*Provided data*.
== == ==
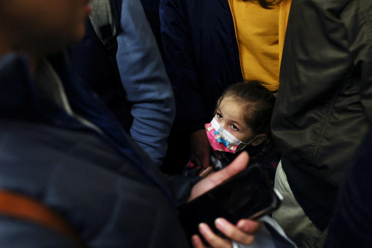 Một trẻ em đeo khẩu trang khi đi tàu điện ngầm ở TP New York - Mỹ hôm 2-5. Ảnh: Reuters
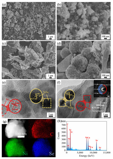 Figure 2a,b display the SEM of the Ni/graphene composites. It can be seen that due to the reduction of the NaH2PO2 and the action of the anionic surfactant, C12H25SO3Na, 50-nm metallic nickel particles were firmly attached to a sleek graphene surface through anchoring. Although the complexing agent, C6H5Na3O7, can enhance the dispersion of metallic nickel, it can still be seen that part of the metallic nickel was agglomerated on the graphene surface. This phenomenon limited the charge-transport efficiency. When the sample was selenized at a high temperature, the nickel layer of graphene gradually transformed into NiSe, which wrapped around the metallic nickel to form a NiSe@Ni. As shown in Figure 2c,d, when the Ni/graphene was selenized by the chemical-vapor deposition, the metal nickel on the graphene surface had obvious agglomeration before selenization, but the agglomeration was obviously weakened after the selenization. The NiSe nanoparticles with rough surfaces and an average diameter of 180–210 nm were uniformly immobilized onto the surface of the graphene, thereby forming a NiSe@Ni/graphene composite material. The anisotropic growth of the NiSe@Ni/graphene increased the particle size and surface area, leading to more active sites. The nucleation of the NiSe particles uniformly dispersed on the graphene surface provided an excellent interface structure and improved the electron-transfer efficiency. A strong explanation was therefore provided for the enhanced electrochemical performance. It can be seen from the HRTEM images (Figure 2c,d) that the surfaces of the graphene sheets were roughened by the immobilization of a substantial quantity of NiSe particles onto them. The lattice fringes with interlayer distances of 0.27 and 0.2 nm in the HRTEM (Figure 2c) correspond to the (101) and (001) planes of the NiSe particles. The corresponding SAED pattern (Figure 2d) presented discrete diffraction spots, representing multiple facets of the NiSe structure, including (101), (102), (110), and the cubic Ni (111) plane (PDF # 04-0850). The distribution of the elements in the sample is shown in Figure 2e. The Ni (green), C (red), and Se (blue) elements were uniformly distributed on the graphene. The EDS shows that the NiSe@Ni/graphene was composed of C, Ni, and Se elements. The observed O and Cu elements were derived from air mixed in the sample preparation and the copper column used in the test sample, respectively [27]. Section 2.4 provides the explanation for the use of excess selenium powder in the samples’ preparation. To synthesize the NiSe, only 100 mg of selenium powder was used, despite the requirement of 400 mg for chemical-vapor deposition. This resulted in a different Se-content ratio from that which we expected based on the SEM mapping. In fact, the actual ratio was closer to Mgraphene:MNi:MSe = 2:3:3.
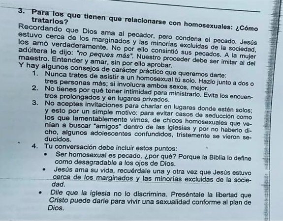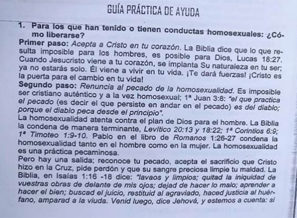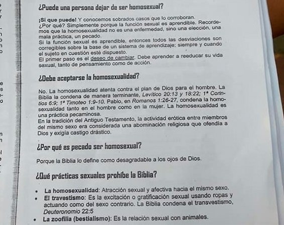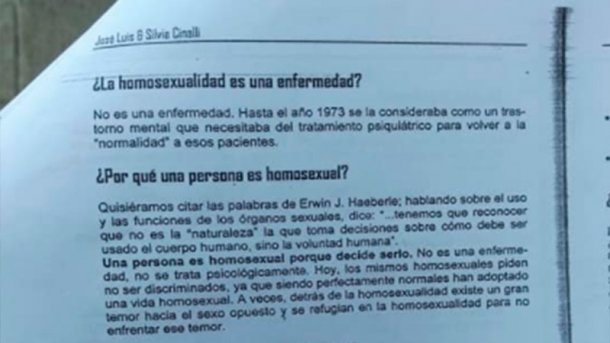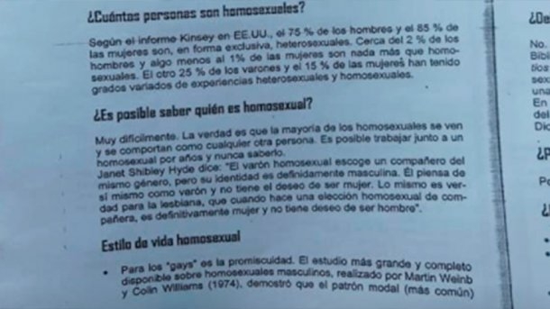 "La homosexualidad es una práctica pecaminosa" que "atenta contra el plan de Dios" y "una abominación religiosa". Los conceptos forman parte de un material redactado por un pastor y que pretendía utilizar un colegio evangélico de la ciudad de Paraná para las clases de educación sexual.
== == ==
*Your instructions*. Please write out the entire listing above exactly, but leave the pictures out.

*Answer area*.
 Một trẻ em đeo khẩu trang khi đi tàu điện ngầm ở TP New York - Mỹ hôm 2-5. Ảnh: Reuters
 Figure 2a,b display the SEM of the Ni/graphene composites. It can be seen that due to the reduction of the NaH2PO2 and the action of the anionic surfactant, C12H25SO3Na, 50-nm metallic nickel particles were firmly attached to a sleek graphene surface through anchoring. Although the complexing agent, C6H5Na3O7, can enhance the dispersion of metallic nickel, it can still be seen that part of the metallic nickel was agglomerated on the graphene surface. This phenomenon limited the charge-transport efficiency. When the sample was selenized at a high temperature, the nickel layer of graphene gradually transformed into NiSe, which wrapped around the metallic nickel to form a NiSe@Ni. As shown in Figure 2c,d, when the Ni/graphene was selenized by the chemical-vapor deposition, the metal nickel on the graphene surface had obvious agglomeration before selenization, but the agglomeration was obviously weakened after the selenization. The NiSe nanoparticles with rough surfaces and an average diameter of 180–210 nm were uniformly immobilized onto the surface of the graphene, thereby forming a NiSe@Ni/graphene composite material. The anisotropic growth of the NiSe@Ni/graphene increased the particle size and surface area, leading to more active sites. The nucleation of the NiSe particles uniformly dispersed on the graphene surface provided an excellent interface structure and improved the electron-transfer efficiency. A strong explanation was therefore provided for the enhanced electrochemical performance. It can be seen from the HRTEM images (Figure 2c,d) that the surfaces of the graphene sheets were roughened by the immobilization of a substantial quantity of NiSe particles onto them. The lattice fringes with interlayer distances of 0.27 and 0.2 nm in the HRTEM (Figure 2c) correspond to the (101) and (001) planes of the NiSe particles. The corresponding SAED pattern (Figure 2d) presented discrete diffraction spots, representing multiple facets of the NiSe structure, including (101), (102), (110), and the cubic Ni (111) plane (PDF # 04-0850). The distribution of the elements in the sample is shown in Figure 2e. The Ni (green), C (red), and Se (blue) elements were uniformly distributed on the graphene. The EDS shows that the NiSe@Ni/graphene was composed of C, Ni, and Se elements. The observed O and Cu elements were derived from air mixed in the sample preparation and the copper column used in the test sample, respectively [27]. Section 2.4 provides the explanation for the use of excess selenium powder in the samples’ preparation. To synthesize the NiSe, only 100 mg of selenium powder was used, despite the requirement of 400 mg for chemical-vapor deposition. This resulted in a different Se-content ratio from that which we expected based on the SEM mapping. In fact, the actual ratio was closer to Mgraphene:MNi:MSe = 2:3:3.
 "La homosexualidad es una práctica pecaminosa" que "atenta contra el plan de Dios" y "una abominación religiosa". Los conceptos forman parte de un material redactado por un pastor y que pretendía utilizar un colegio evangélico de la ciudad de Paraná para las clases de educación sexual.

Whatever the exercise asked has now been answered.